Most Young Children Shouldn't Drink Plant-Based Milk, New Health Guidelines Say

For parents who don’t want to give their children cow’s milk, or for parents simply looking for an alternative, plant based milk such as milk made from rice, coconut, oats or other blends has long been an option. However, now new health guidelines are advising against giving children under the age of five plant-based milk but noting that fortified soy milk is still a healthy alternative.

The plant-based and non-dairy milks are said to provide no nutritional value to growing children, and instead, Healthy Eating Research recommends that children up until the age of five drink only breast milk, infant formula, water, and plain milk, according to a press release. An expert panel representing 4 key national health and nutrition organizations developed the comprehensive recommendations for children up until the age of five with regards to beverage consumption that will contribute to a healthy diet.

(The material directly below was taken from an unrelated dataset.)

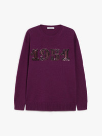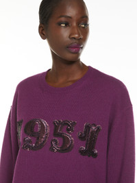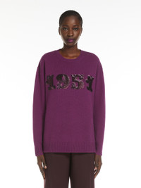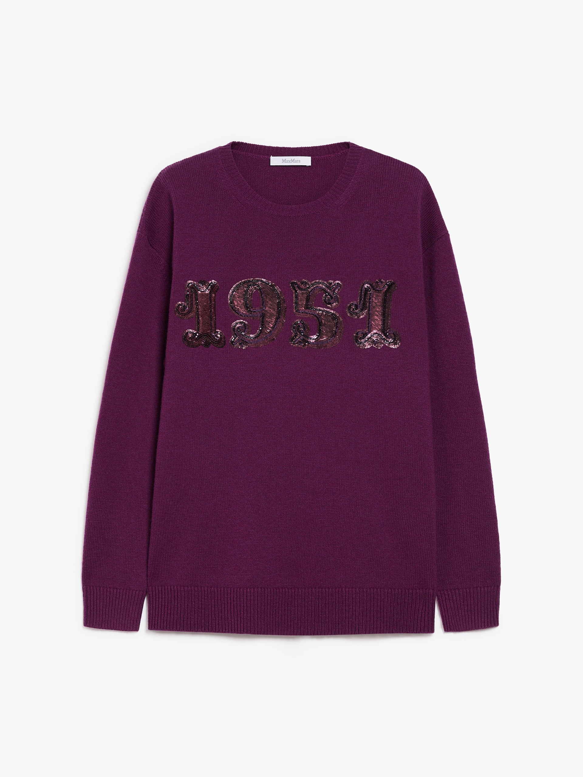 DETAILS Fine wool and cashmere crew-neck jumper adorned with a single-tone sequin embroidery featuring the 1951 motif on the front. The style features long dropped sleeves with ribbed edges. COMPOSITION AND CARE Knitted fabric 70% wool, 30% cashmere; - exclusive of decoration. Do not wash; do not bleach; do not tumble dry; cool iron; professionally dry clean perchloroethylene - mild process; do not wet clean.; iron with a cloth between.; to be ironed with no steam.; do not iron the decoration. Distributed by Max Mara S.r.l., registered office in Reggio Emilia (Italy), Via Giulia Maramotti 4, 42124 (IT)

"In the last five to 10 years there has been an explosion of interest in plant-based milk. More and more parents are turning to them for a variety of reasons and there's a misconception that they are equal somehow to cow or dairy milk, but that's just not the case," said Megan Lott, who helped develop the recommendations as the deputy director of the Healthy Eating Research, reports CNN.

Crop shot of little casual girl having glass of milk and drinking with straw at home
Credit: iStock

Lott added that there are some homes where cow’s milk isn’t an option, but added that a doctor should be consulted in those cases. "The guidelines do make an exception if a child has a dairy or cow milk allergy or is lactose intolerant or has religious rules or lives in a house that keeps a vegan diet, in that case, the parents should definitely consult with their pediatrician or dietitian," Lott said.

The researchers also warn against consuming added sugars in drinks and are telling parents and caregivers to avoid flavored milks, sodas, and sugar- and low-calorie sweetened beverages that are being marketed to children more often. "We are finding more and more of these artificial sweeteners showing up in food marketed to young children and there is no research on these substitutes that show they cause harm, but there's really no research showing that they are safe," said Lott.

“Early childhood is an important time to start shaping nutrition habits and promoting healthy beverage consumption,” Lott noted in the press release. “By providing caregivers, health care and early care and education providers, policymakers, and beverage industry representatives a clear set of objective, science-based recommendations for healthy drink consumption, we can use this opportunity to work together and improve the health and well-being of infants and young children throughout the United States.”

Richard Besser, MD, President, and CEO of the Robert Wood Johnson Foundation which helped fund the research, commented on the findings. “From the time children are born through those first few years, beverages are a significant source of calories and nutrients and can have a big impact on health long into the future,” he said. “Families deserve clear and consistent guidance on what their young children should drink and what they should avoid. These recommendations from our country’s leading medical and nutrition organizations will help families raise healthy children.”